Bretton Hall is a twelve-story residential building at 2350 Broadway, spanning from West 85th to 86th Street on the Upper West Side of Manhattan, New York City.

==History==
It was completed in 1903, as the Hotel Bretton Hall, a residential hotel billing itself as the largest hotel uptown. The architect was Harry B. Mulliken, of Mulliken and Moeller, who designed numerous other hotels: the Cumberland Hotel, Thomas Jefferson Hotel, and the Spencer Arms Hotel on Broadway, the Hotel Lucerne on Amsterdam Avenue at 79th Street, and the Van Dyck, the Severn, the Jermyn, and the Chepstow apartment buildings on the Upper West Side.

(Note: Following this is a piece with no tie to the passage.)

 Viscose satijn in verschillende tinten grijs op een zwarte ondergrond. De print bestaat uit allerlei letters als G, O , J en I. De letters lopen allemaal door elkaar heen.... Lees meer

The 86th Street Company received the unimproved property from Le Grand K. Petit with a mortgage of $90,000 on it. A building loan of $1,250,000 at 6% was secured from the Metropolitan Life Insurance Company on March 10, 1902. Afterward the 86th Street Company mortgaged the property for $1,365,000 at 6%, due October 1, 1903, to the General Building and Construction Company. John R. & Oscar L. Foley leased Bretton Hall to Anderson & Price for twenty-one years for a price of $2,394,000, for Irons & Todd, who comprised the Seaboard Realty and 86th Street Companies.

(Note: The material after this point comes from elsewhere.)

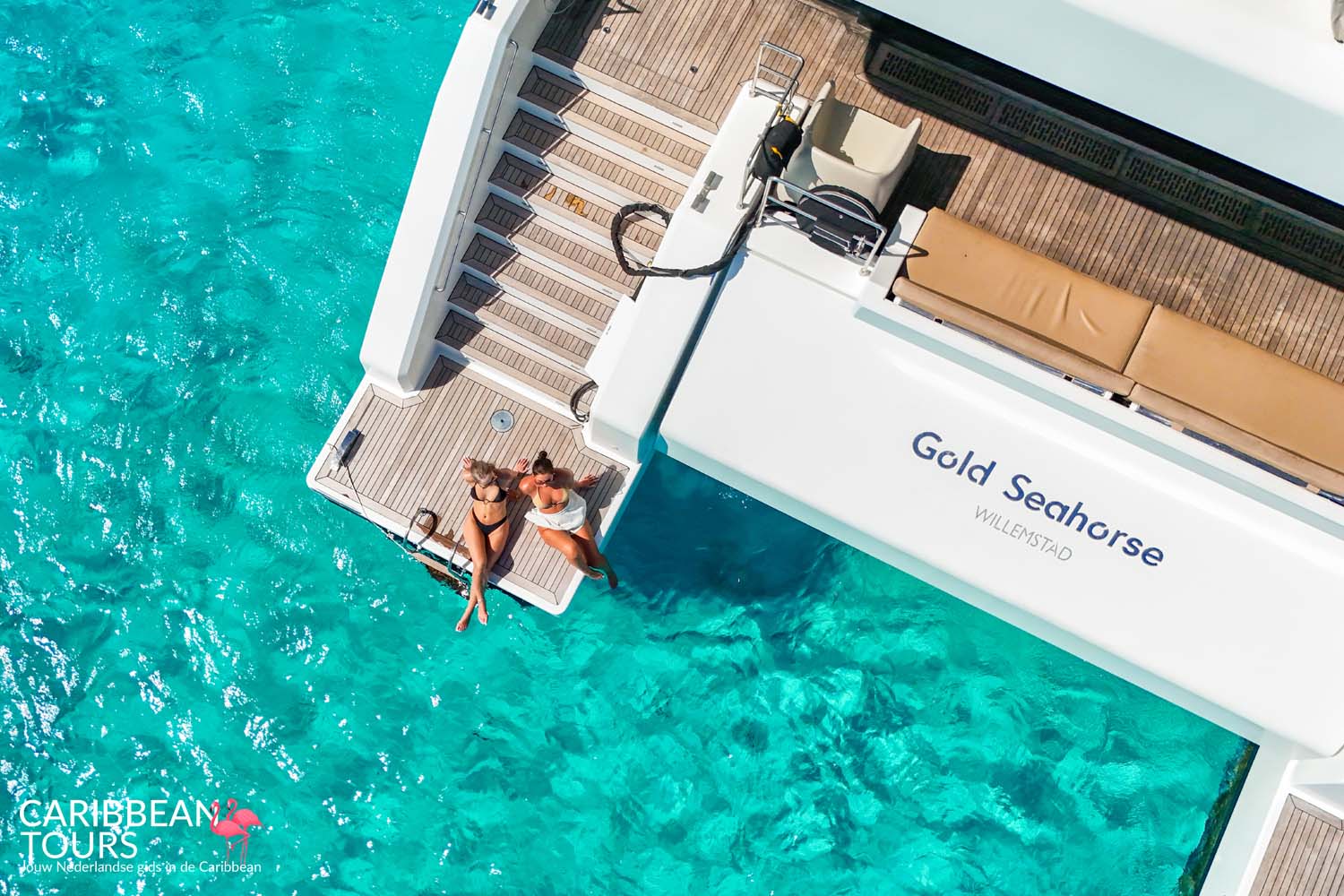 A la hora del almuerzo, el Gold Seahorse atraca en la bahía de Fuik y enciende la parrilla. Mientras el aroma de la barbacoa se mezcla con la brisa marina, te prepararás para un almuerzo relajado. La barra libre premium está lista para bebidas frías, desde refrescos y agua hasta una merecida cerveza o cóctel. Con el plato en el regazo, los pies en la arena o a bordo a la sombra: esta es exactamente la sensación caribeña que buscabas.

In the early 1980s, an organization called Artists Assistance Services rented apartments in the Bretton Hall at lower prices to people in the arts. A proviso was that they would have to share their spaces with a "cultural activity", such as a karate class. The building sits across the street from the Riverside-West End Historic District and one block west of the Upper West Side/Central Park West Historic District and is not landmarks protected.

==Architecture==
When it opened in late 1903, the apartment hotel was fireproof and equipped with an electric
plant and six elevators. It had a deckhouse and basement. The structure contained 187 suites, 506 rooms, 231 baths, and 385 toilet rooms. It fronted Broadway for 205 ft and 85th Street for 100.11 ft. Its rear measurement was 204.4 feet. Plans for Bretton Hall were filed on June 7, 1902 with an estimated cost of construction of $1,550,000.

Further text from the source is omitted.